Table 1. Unit of Work pattern: the trade-offs
Pros Cons
  • We have a nice abstraction over the concept of atomic operations, and the context manager makes it easy to see, visually, what blocks of code are grouped together atomically.

  • We have explicit control over when a transaction starts and finishes, and our application fails in a way that is safe by default. We never have to worry that an operation is partially committed.

  • It’s a nice place to put all your repositories so client code can access them.

  • As you’ll see in later chapters, atomicity isn’t only about transactions; it can help us work with events and the message bus.

  • Your ORM probably already has some perfectly good abstractions around atomicity. SQLAlchemy even has context managers. You can go a long way just passing a session around.

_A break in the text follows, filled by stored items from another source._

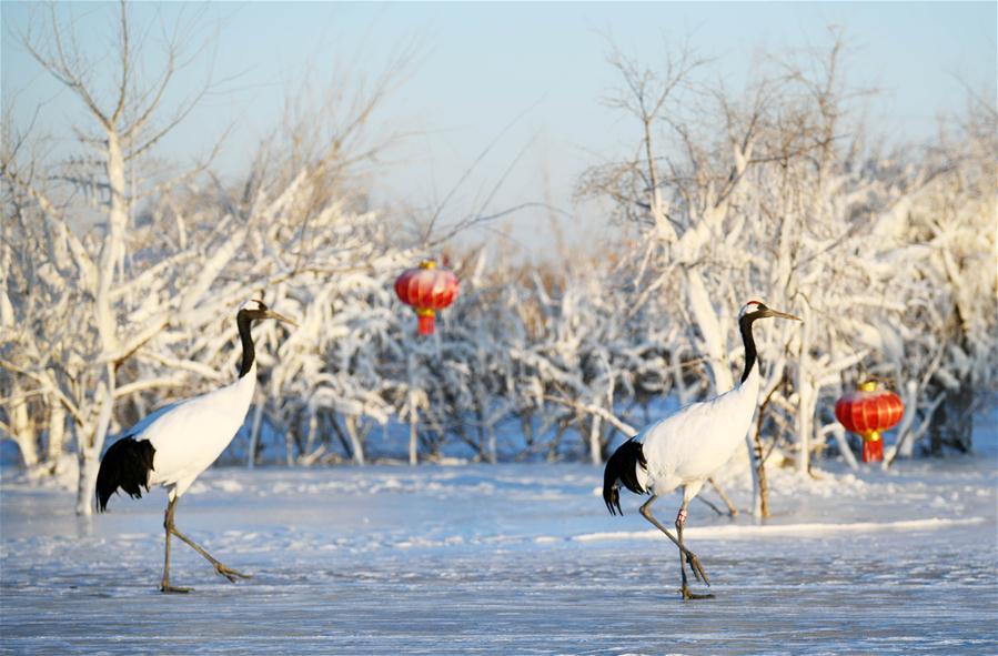 HEILONGJIANG, enero 11, 2019 (Xinhua) -- Imagen del 10 de enero de 2019 de grullas de coronilla roja criadas artificialmente descansando en la Reserva Nacional Natural de Zhalong en Qiqihar, provincia de Heilongjiang, en el noreste de China. La Reserva Nacional Natural de Zhalong sirve como hábitat para más de 190 especies de aves raras como las grullas de coronilla roja. (Xinhua/Wang Jianwei)
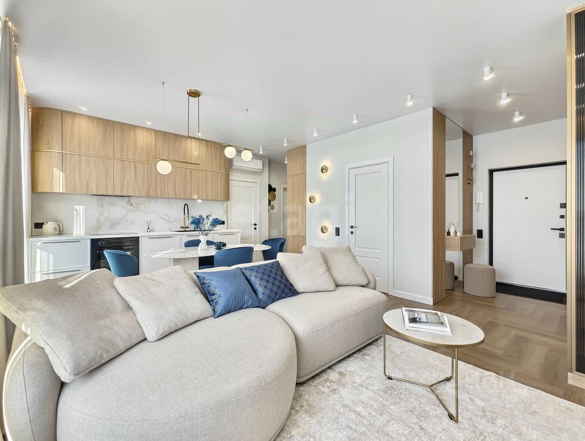 Уважаемые покупатели! Продаётся стильная квартира формата 2+ в ЖК "Сити Лайф" (ул. Профсоюзная, д. 61) площадью 75,5 кв.м - квартира со светом, видом и выразительным интерьером!
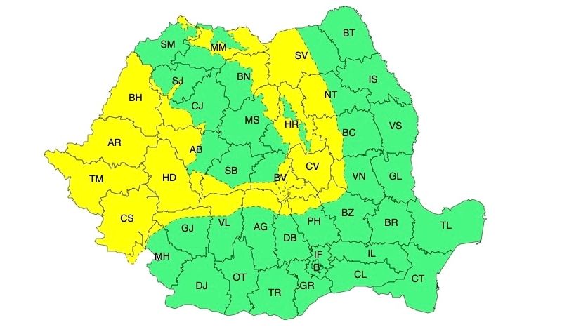Administrația Națională de Meteorologie a emis o atenționare de cod galben de vreme rea, valabilă în perioada 14 martie, ora 10 - 17 martie, ora 18. Potrivit prognozei, în cea mai mare parte a țării se vor înregistra fenomene meteorologice severe, inclusiv instabilitate atmosferică, cantități mari de apă, intensificări ale vântului și precipitații mixte (ploaie, ninsoare și lapoviță).
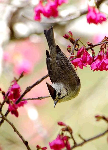 中新網(wǎng)1月2日電 據(jù)臺灣《中國時報》報道,冬季降遷的冠羽畫眉喜歡在盛開櫻花間覓食。圖為在臺灣省南投縣仁愛鄉(xiāng)正巧補捉到一只冠羽畫眉覓食的情況,搭配紅色的背景,像是洋溢著喜氣的年畫。(沈揮勝)

  • We’ve made it look easy, but you have to think quite carefully about things like rollbacks, multithreading, and nested transactions. Perhaps just sticking to what Django or Flask-SQLAlchemy gives you will keep your life simpler.

For one thing, the Session API is rich and supports operations that we don’t want or need in our domain. Our UnitOfWork simplifies the session to its essential core: it can be started, committed, or thrown away.

For another, we’re using the UnitOfWork to access our Repository objects. This is a neat bit of developer usability that we couldn’t do with a plain SQLAlchemy Session.

Unit of Work Pattern Recap

The Unit of Work pattern is an abstraction around data integrity

It helps to enforce the consistency of our domain model, and improves performance, by letting us perform a single flush operation at the end of an operation.

It works closely with the Repository and Service Layer patterns

The Unit of Work pattern completes our abstractions over data access by representing atomic updates. Each of our service-layer use cases runs in a single unit of work that succeeds or fails as a block.

This is a lovely case for a context manager

Context managers are an idiomatic way of defining scope in Python. We can use a context manager to automatically roll back our work at the end of a request, which means the system is safe by default.

SQLAlchemy already implements this pattern

We introduce an even simpler abstraction over the SQLAlchemy Session object in order to "narrow" the interface between the ORM and our code. This helps to keep us loosely coupled.

Lastly, we’re motivated again by the dependency inversion principle: our service layer depends on a thin abstraction, and we attach a concrete implementation at the outside edge of the system. This lines up nicely with SQLAlchemy’s own recommendations:

Keep the life cycle of the session (and usually the transaction) separate and external. The most comprehensive approach, recommended for more substantial applications, will try to keep the details of session, transaction, and exception management as far as possible from the details of the program doing its work.

— SQLALchemy "Session Basics" Documentation

1. You may have come across the use of the word collaborators to describe objects that work together to achieve a goal. The unit of work and the repository are a great example of collaborators in the object-modeling sense. In responsibility-driven design, clusters of objects that collaborate in their roles are called object neighborhoods, which is, in our professional opinion, totally adorable.